Problem requirements :: Write out the data again exactly, skipping every picture.

Provided material ::
────────────────────────────────────────

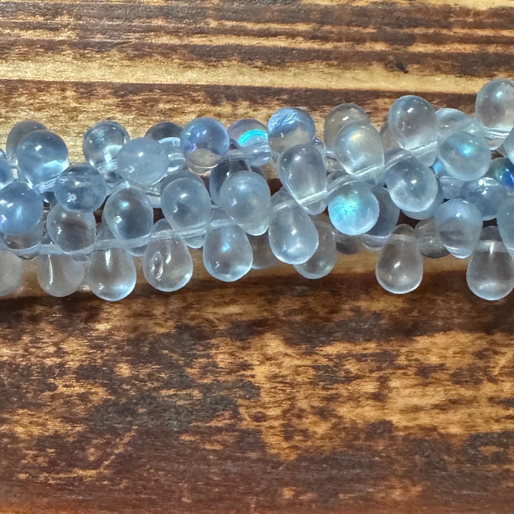JKB-0916 - Czech Glass Teardrop Bead Strand, Lt. Sapphire AB, 4x7mm | Strand
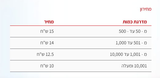 מחירי click2post של דואר ישראל (תקפים מפברואר 2025):
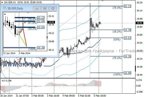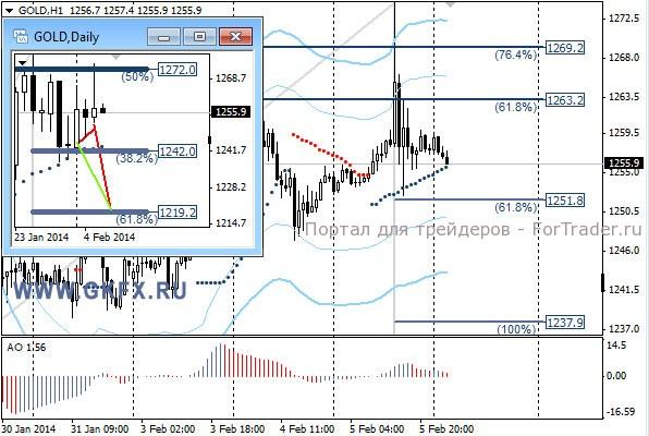 Цены на золото оставались выше 1250,0, и на американских торгах был резкий выпад вверх вплоть до 1274,3. Это, по всей видимости, был стратегический захват ликвидности для последующего возможного снижения цен. Контрольная точка 1252,0, прохождение которой укажет на дальнейшее снижение золота к минимумам недели и возможно еще ниже. Такой вариант развития ситуации возможен при хороших данных по рынку труда в США, которые ожидаются завтра. Хотя возможно и сегодня движение начнет свое начало на ожиданиях сильных данных. Традиционно делаю два варианта движения цены на неделю, основной красный и альтернативный зеленый. Значимые уровни на сегодня отмечены на часовом графике. Индикатор АО находится в положительной зоне и снижается, указывая на коррекцию перед возможным продолжением роста. Индикатор тренда указывает на рост. Преодоление 1248,0 позволит войти в продажи с целями 1242,0, 1238,0 и 1228,0.

────────────────────────────────────────

Answer to the exercise ::
JKB-0916 - Czech Glass Teardrop Bead Strand, Lt. Sapphire AB, 4x7mm | Strand
 מחירי click2post של דואר ישראל (תקפים מפברואר 2025):
 Цены на золото оставались выше 1250,0, и на американских торгах был резкий выпад вверх вплоть до 1274,3. Это, по всей видимости, был стратегический захват ликвидности для последующего возможного снижения цен. Контрольная точка 1252,0, прохождение которой укажет на дальнейшее снижение золота к минимумам недели и возможно еще ниже. Такой вариант развития ситуации возможен при хороших данных по рынку труда в США, которые ожидаются завтра. Хотя возможно и сегодня движение начнет свое начало на ожиданиях сильных данных. Традиционно делаю два варианта движения цены на неделю, основной красный и альтернативный зеленый. Значимые уровни на сегодня отмечены на часовом графике. Индикатор АО находится в положительной зоне и снижается, указывая на коррекцию перед возможным продолжением роста. Индикатор тренда указывает на рост. Преодоление 1248,0 позволит войти в продажи с целями 1242,0, 1238,0 и 1228,0.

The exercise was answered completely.